Center for American Progress

RELEASE: CAP Paper: EPA’s Methane Rule Would Lower Emissions in a Way Oil and Gas Industry Can Easily Afford
Press Release

RELEASE: CAP Paper: EPA’s Methane Rule Would Lower Emissions in a Way Oil and Gas Industry Can Easily Afford

Washington, D.C. — Earlier this month, the Environmental Protection Agency, or EPA, released a new rule to regulate methane emissions in the oil and gas industry. These standards, when implemented, would help achieve President Barack Obama’s goal of cutting methane emissions by 40 percent to 45 percent of 2012 levels by 2025. They are a critical component of the Obama administration’s efforts to address climate change and would dramatically reduce the amount of dangerous methane gas from being emitted each year. The Center for American Progress released a column today arguing that this rule is an important first step and debunking fossil fuel industry claims that the rule is dangerous to its bottom line.

Methane is an even more potent greenhouse gas than carbon dioxide. Over the first 20 years after its release, it is more than 80 times more effective at trapping heat in the atmosphere and is 28 times more effective over the course of 100 years. The oil and gas industry is a chief emitter of this dangerous greenhouse gas and regulating its emissions is one important step in addressing the multipronged issue of combating climate change.
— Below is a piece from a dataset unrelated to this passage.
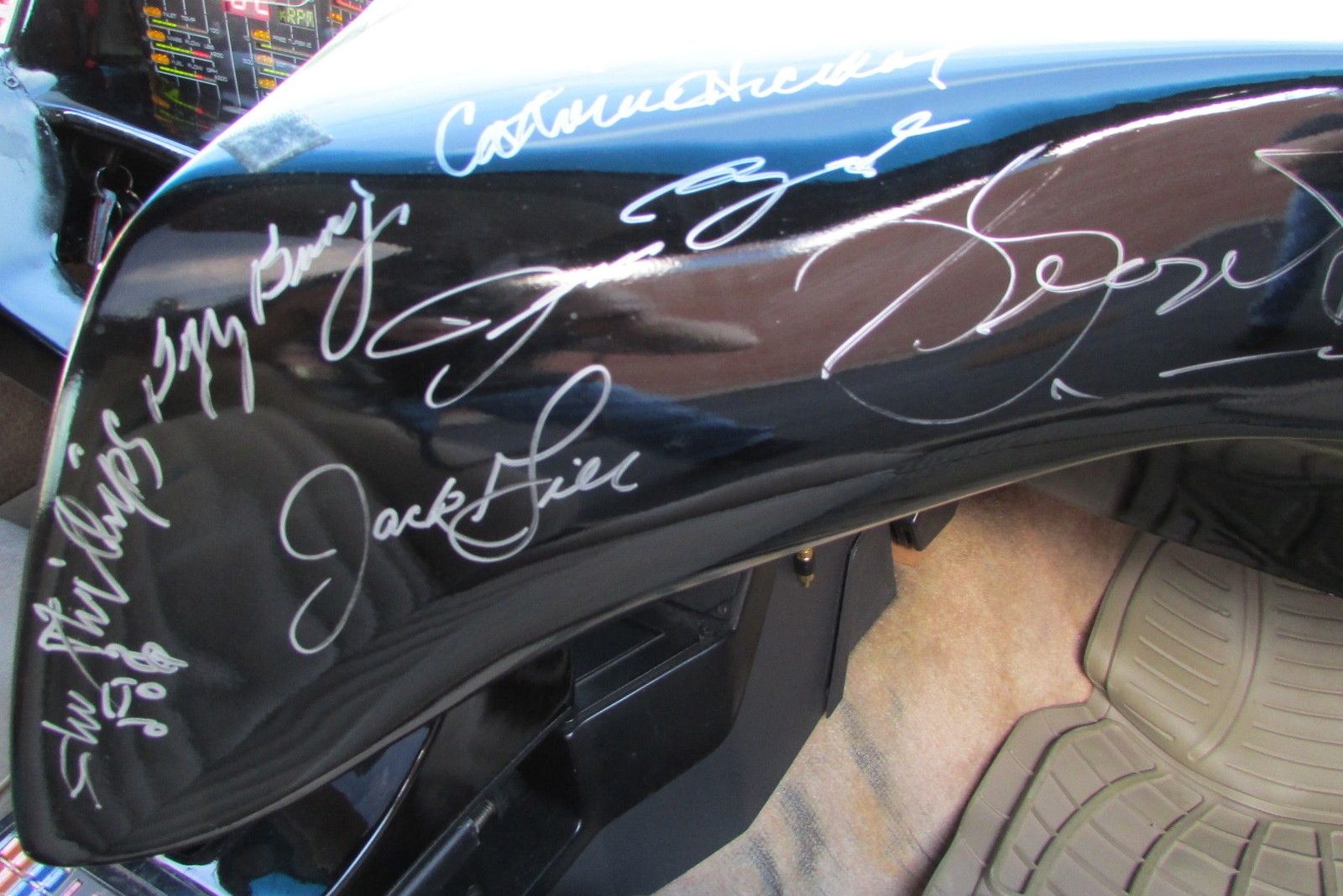 The ad mentions that the car’s passenger side dash has been signed by George Barris, Glen Larson, Michael Scheffe, Justin Bruening, James Winburn, Rebecca Holden, Catherine Hickland, Buzz Bundy, Jack Gill, Ann Turkell, Ron Martinez, Don Peak, Paul Campbell, Deanna Russo, Stu Phillips, and Dennis Braid. The seller also states that this car was “used/driven by David Hasselhoff for Knight Rider Festival, LA Music Video” filmed at the Hasselhoff Home. The seller does not mention this being an original KITT from the TV series, so one can assume it is a tribute.

CAP shows that implementing this rule would be efficient and cost effective for the industry, shutting down arguments that the rule is bad for business.

“Even in times of low oil prices and unprecedented supply of natural gas, the oil and gas industry is still reporting tens of billions in revenue and billions in profit,” said Myriam Alexander-Kearns, CAP Research Associate and author of the column. “The cost of implementing the EPA’s new rule would take a fraction of the industry’s annual profits. Methane is too dangerous a pollutant to allow the oil and gas industry to cry poverty instead of addressing it.”

The cost to the industry is expected to be low in comparison to annual profits because the technology currently exists to capture methane emissions and prevent them from being sent into the atmosphere. That captured methane can even be sold to offset the cost. In addition to being one step in the fight against climate change, the EPA’s rule would improve human health as methane often goes hand in hand with other pollutants, including smog-forming volatile organic compounds, or VOCs. The same measures to prevent methane from entering the atmosphere would also prevent VOCs from doing the same.